Il mercato azionario USA, rappresentato dall’indice SP500, ci ha confermato ieri il fallimento, almeno momentaneo, del suo progetto di tornare ai massimi con una sola fulminea cavalcata.

Per la terza volta consecutiva la seduta non è riuscita a chiudersi al di sopra della resistenza di 2.892. Inoltre ieri tutta la seduta è stata vissuta col segno negativo e la barra disegnata dall’indice è ribassista.

Nulla di drammatico (-0,21%). Però la certificazione che gli entusiasmi della scorsa settimana appaiono eccessivi e richiedono almeno un po’ di arretramento prima di tentare eventualmente un nuovo decisivo attacco.
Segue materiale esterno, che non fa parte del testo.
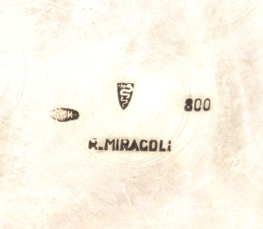 un vassoio presenta i marchi per l'argento 800/1000, punzonata "800", argentiere R. Miracoli;

Se la questione dei dazi al Messico è stata risolta da Trump con un accordo muscolare ai danni del minuscolo stato centroamericano, molto più ostica si conferma la partita con la Cina. Trump ha nuovamente comunicato la sua convinzione che l’accordo si troverà, riuscendo così ad arginare le perdite di Wall Street. Del resto la mente di Trump non riesce proprio a contemplare ipotesi di sconfitta o anche solo di arretramento delle pretese. Ma le continue minacce ai cinesi e la rigidità negoziale mostrata stanno infastidendo sempre più i cinesi e rendono assai remota la possibilità che al G20 di Osaka a fine mese avvenga l’incontro Trump-Xi per appianare le molte asperità negoziali.

Inoltre il settore tecnologico ha perso decisamente smalto rispetto ai mesi passati, pressato dalle sanzioni e dai dazi contro la Cina che ne limitano il business, e dall’aumento delle pressioni delle autorità di controllo sulla questione del trattamento dei dati degli utenti e sulle posizioni monopolistiche delle grandi big del Nasdaq. Infatti ieri il Nasdaq100 (-0,55%) ha perso più dell’indice globale USA.